Although it's not a rigorous, well-defined term, it's widely understood what a "static" site is. It's the sort of thing you get with e.g. Neocities or GitHub Pages or one of its clones—where you cannot rely on being able to mess with the server configuration (past the point of specifying the hostname your site should respond to, if even that). Any more involved configuration moves it out of this realm and towards the dynamic systems that many people are not running and not interested in running—for various reasons, including pricing, maintenance, and sheer complexity/brittleness. A static site is a place where you dump a directory of files and the host doesn't do much beyond serving that file with the appropriate media type when someone requests it, which is pretty much the only thing that people can trust to work reliably if and when they move all their crud to another host and/or server configuration someday.

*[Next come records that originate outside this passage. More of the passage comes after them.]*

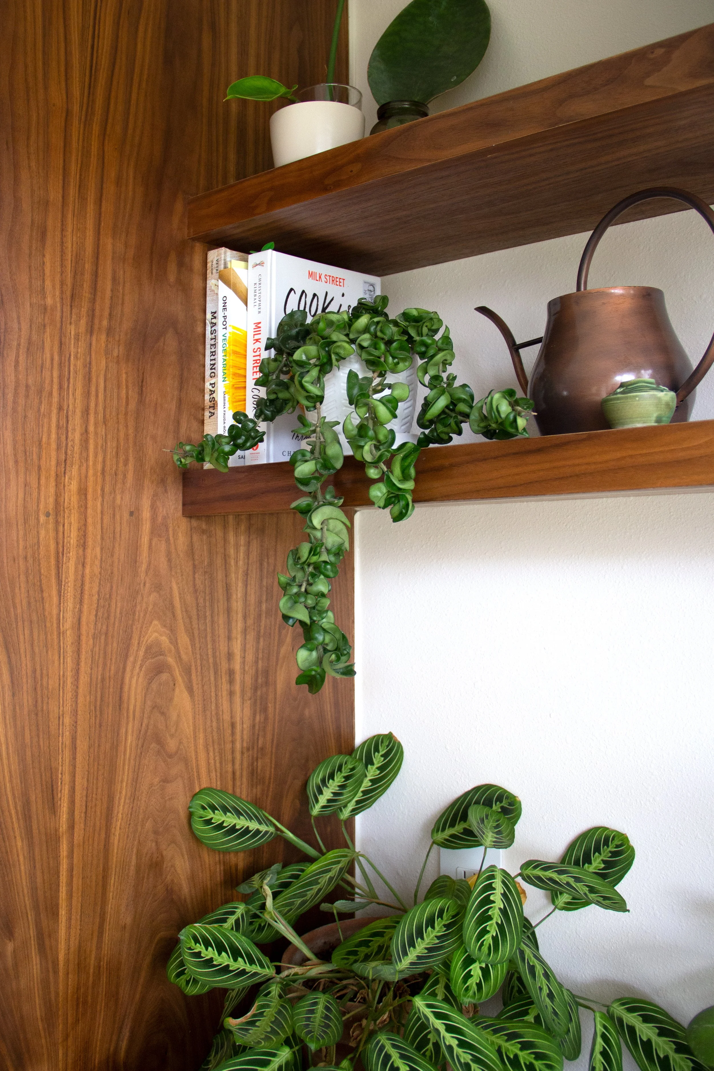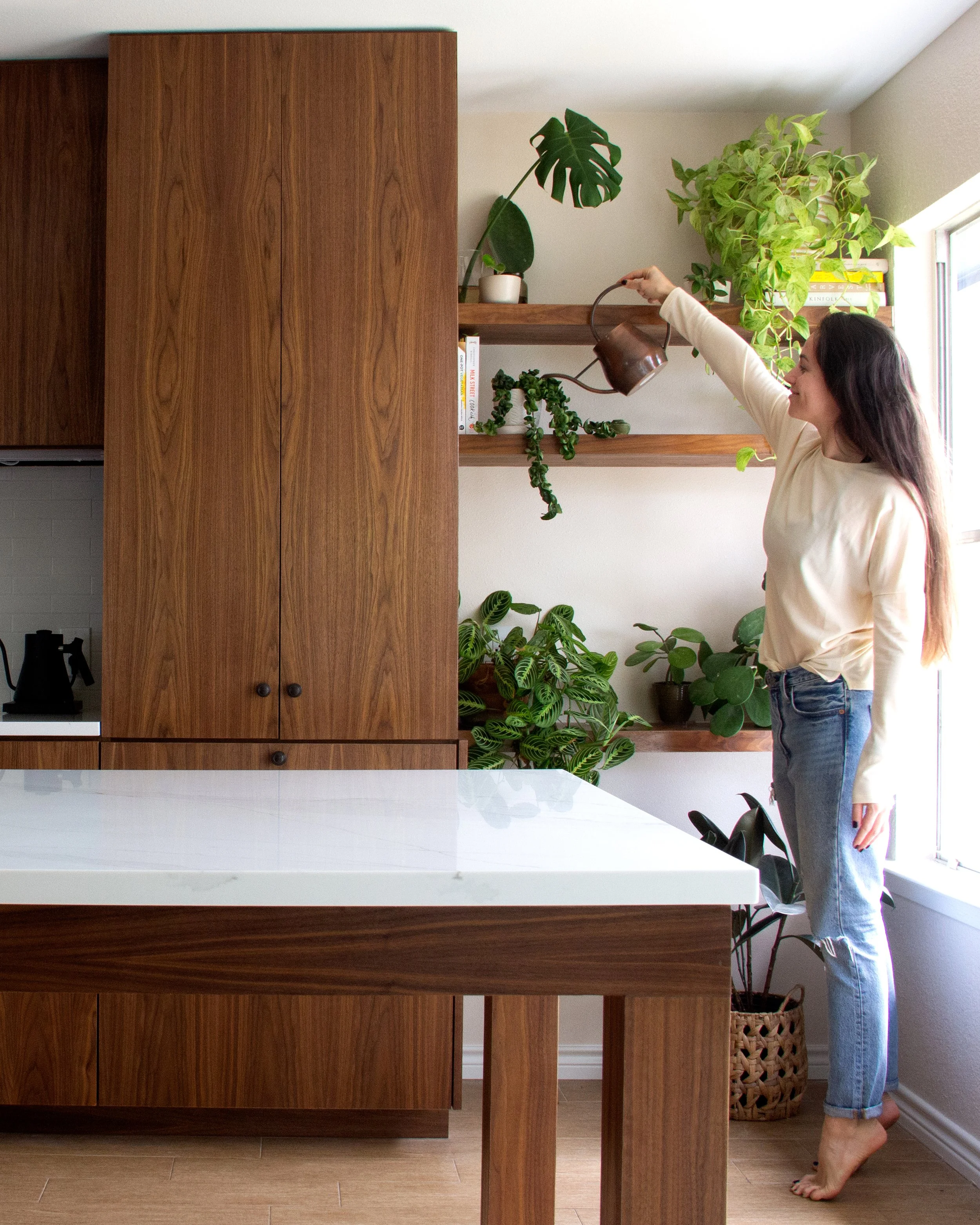 A large kitchen island doubles as a worktop and a dining space in place of an old galley kitchen. Walnut cabinetry along the back kitchen wall matches the length of the island. Open shelving spans from an end pantry cabinet to the exterior wall, providing a well lit home to the client’s ever-growing plant collection.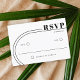 This wedding RSVP card exudes elegance with its black and white colour scheme and horizontal arched frame. The minimalist design showcases a contemporary typography and a unique arched layout. The card's standout feature is a gracefully curved line that starts from the bottom and gracefully runs along the left side, before seamlessly turning towards the right where it meets the word 'RSVP'. This sophisticated design is perfect for couples seeking a modern and stylish invitation for their special day.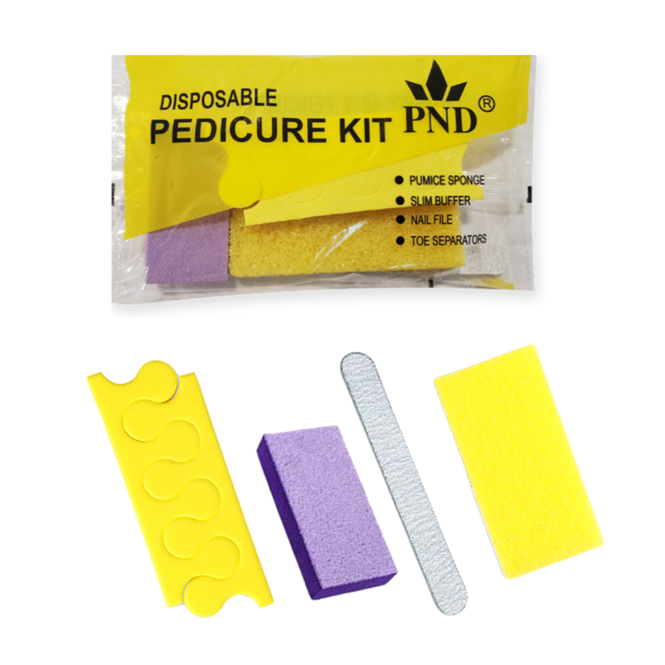 The essentials for a quality pedicure. Includes 1 Pumice Sponge, 1 Mini Nail File, 1 pair of toe separators and 1 Slim Buffer for softer smoother feet

The problem with this is that the webfinger spec allows additional parameters (e.g. "rel"), so if you do this you violate the spec.
(EDIT: Actually given it does a full regex match it might work; though it'll return supersets of the intended results if rel= constraints are preset, and possibly break if the rel= argument is put after the "resource=" in the URL so would need refinement; of course it depends on using a server which allows arbitrary regex based rewrites, which rules out a lot of object storage etc.)
It may happen to work for some clients some of the time, until it suddenly doesn't.
Oh I love this! I've been trying to understand ActivityPub from first principles, looking for a really simple hackable server. (Really what I want is a server that lets me write the ActivityPub equivalent of CGI scripts to easily host diverse content.)
This little static file experiment is a great teaching tool. To folks complaining about conflating ActivityPub with Mastodon, part of his goal here is to do the minimum ActivityPub implementation so that his account looks a certain way on Mastodon. Other ActivityPub instances might be asking for different requests; he's doing the Mastodon minimum.
Conflating mastodon and activitypub might fly in your title or your seo, but this is a technical comunity of technical people and we're all clickbait-averse pedants, so maybe use an honest title here?
It's definitely interesting to read how ActivityPub actually operates, but conflating the two may give the wrong idea.